Griffiths and Rohal say Seattle's close-knit film community helped reduce the negative effects of a vastly reduced budget. Many of the same crew and cast members worked several of this year's selected films, and local businesses volunteered to provide food, transportation and other services.
"I think people would be really impressed, based on the production quality of the film ["The Off Hours"], at how little it cost," Griffiths said. "They both look like movies. They're both fantastic, and I don't think that would be possible without so many people volunteering to help."
Much of "The Oregonian," which writer/director Calvin Lee Reeder calls "a sort of nightmare probing of the unknown," was filmed in Washington, including in the Seattle area. Reeder grew up in Renton and lived in Seattle before moving to Los Angeles three years ago. He has previously been to Sundance with two shorts, both of which were also filmed here.
"It's a big honor to be selected and I'm always surprised when they all actually agree to play my stuff," Reeder said of his psychedelic-feeling films. "I'm sure I've never been a unanimously selected dude."
The Seattle filmmakers' stories reflect a larger do-it-yourself trend in independent film.
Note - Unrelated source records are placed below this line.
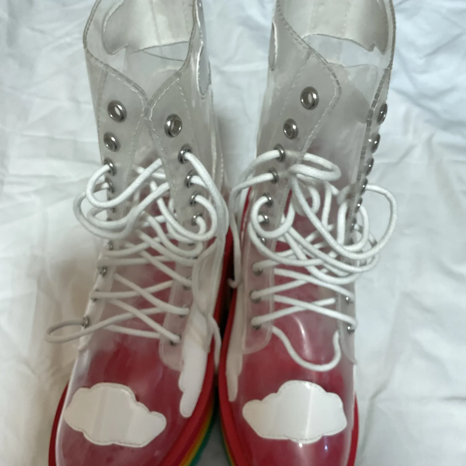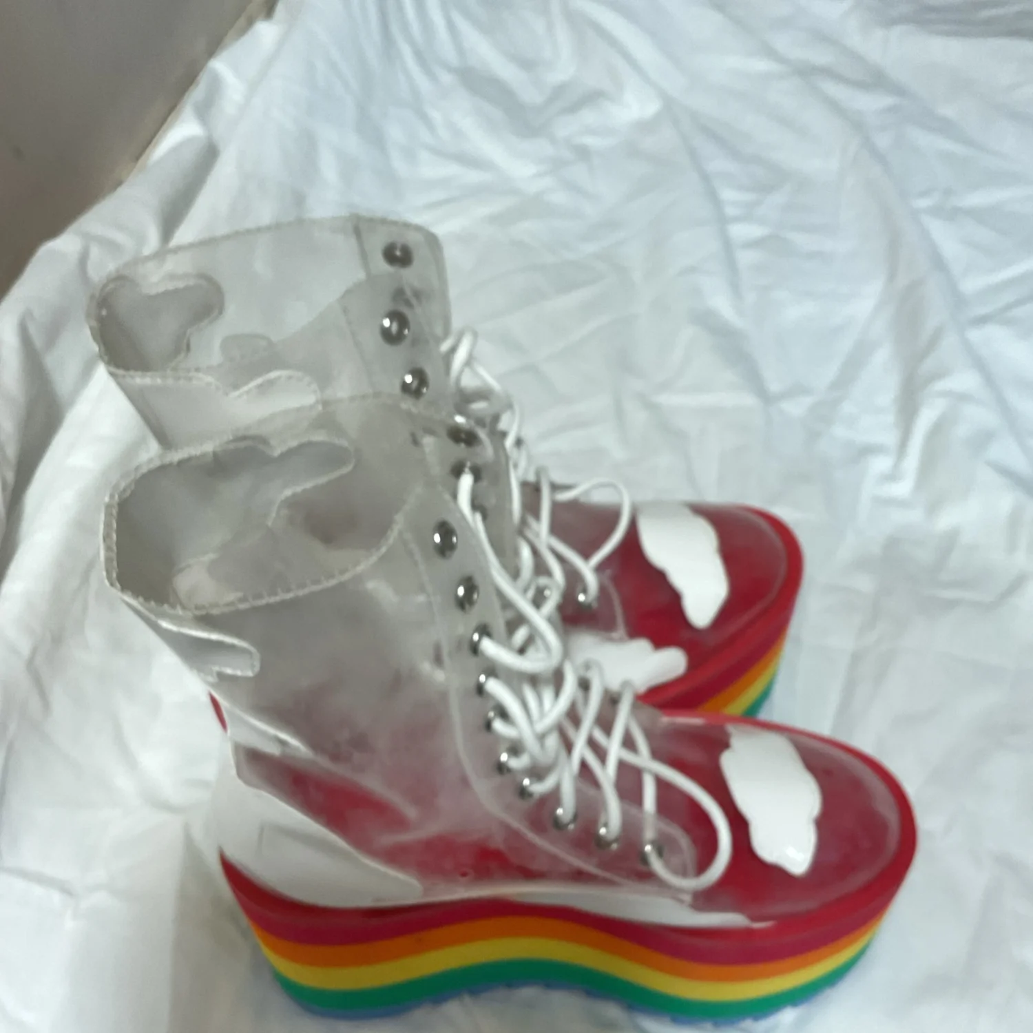 A very cool collab from Dolls Kill and Current mood. These clear “cloud” boots with a rainbow chunky platform heel are the epitome of rave, festival, and PRIDE culture. Get your happy on.
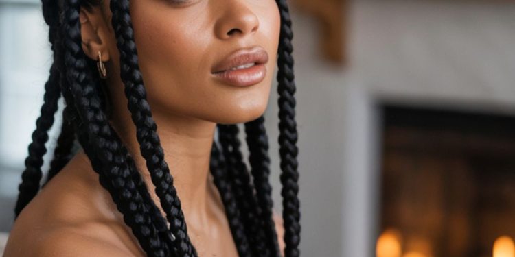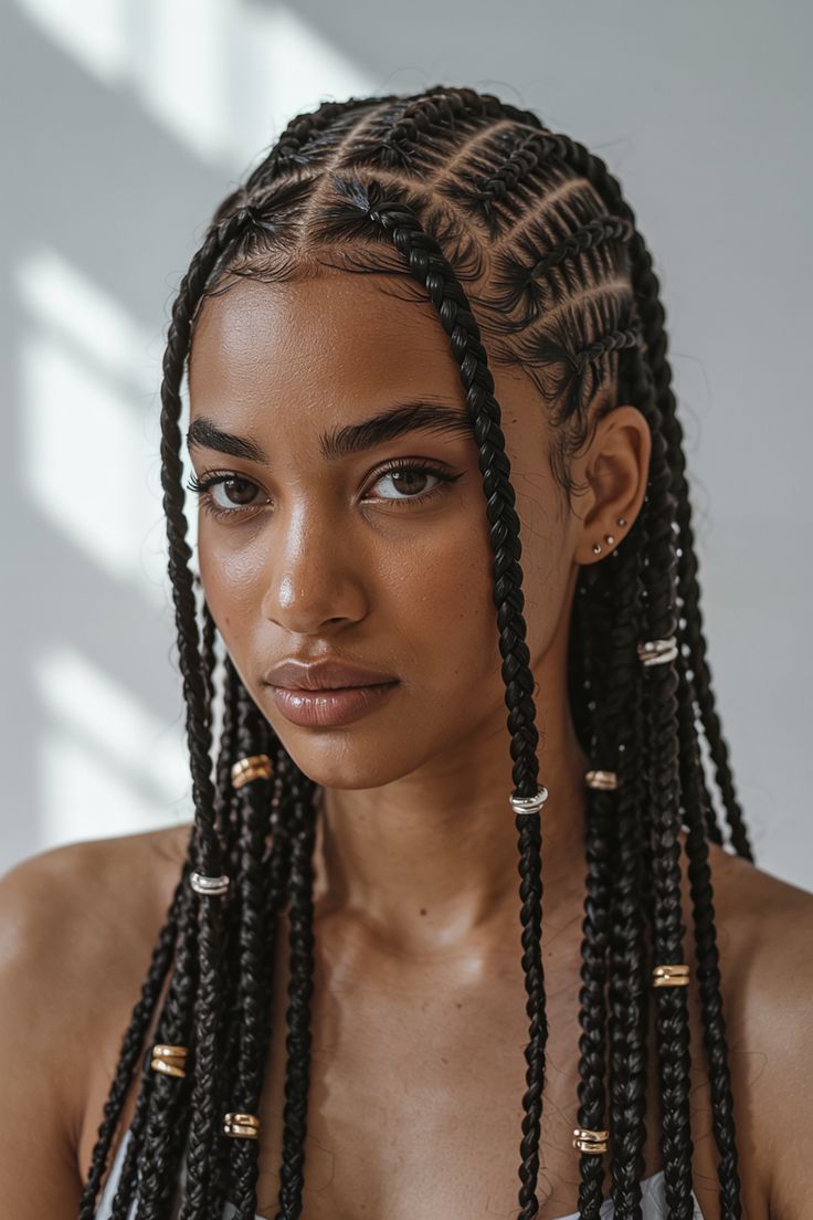 Long natural braids styled into box braids, decorated with metallic beads for understated flair. This hairstyle is protective, low-maintenance, and ideal for women balancing busy schedules in the colder season. It works beautifully with angular or elongated face shapes, softening features while remaining bold. The beads elevate the braids into something festival-ready but still practical for everyday wear.
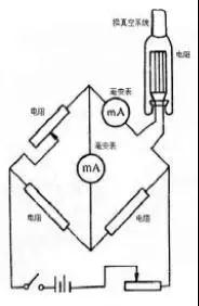式中Q1是燈絲輻射的熱量,與燈絲的溫度有關(guān);Q2是氣體分子碰撞燈絲而帶走的熱量,大小與氣體的壓強(qiáng)有關(guān)。當(dāng)熱絲溫度恒定時(shí),Q1是恒量,即熱絲輻射的熱量不變。在某一恒定的加熱熱絲電流條件下,當(dāng)真空系統(tǒng)的壓強(qiáng)降低,即空間中氣體的分子數(shù)減少時(shí),Q2將隨之降低,此時(shí)燈絲所產(chǎn)生的熱量將相對(duì)增加,則燈絲的溫度上升,燈絲的電阻將增大,真空室的壓強(qiáng)和燈絲電阻之間的存在這樣的關(guān)系P↓→ R↑,所以可以利用測(cè)量燈絲的電阻值來(lái)間接地確定壓強(qiáng)。
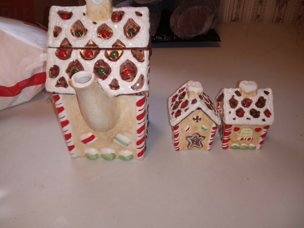 Gingerbread House Collection Teapot Salt and Pepper Set Cooks Bazaar Christmas. New Open Box. Brand New Condition

Despite a hostile economic landscape, the Sundance festival got more submissions than ever, surpassing 10,000 total entries for the first time. "Indie film is healthy and alive right now," festival director John Cooper wrote in a live chat on Wednesday, after the festival announced the first half of its slate.
"The Catechism Cataclysm" and "The Oregonian" will screen in the festival's Park City at Midnight section. Typically the home of horror and other less family-friendly fare, it has shown breakout hits such as "The Blair Witch Project."
"The Off Hours" will have its premiere in the Next category, which debuted last year and features low-budget work. Although filmgoers and critics were initially unsure what to make of Next, several of last year's most highly praised films came out of the category.
"The Details" will screen in the high-profile Premieres category.
Other selected films with Northwest themes include two Oregon-based documentaries: "How to Die in Oregon" is about that state's physician-assisted suicide law, and "If a Tree Falls: A Story of the Earth Liberation Front" looks at radical environmentalists' attacks on Northwest timber companies.
Christy Karras: christykarras@gmail.com
This article was corrected on Monday, Dec. 6. The movie "The Details" was shot in Seattle. An earlier version of the story said it was shot in Kirkland.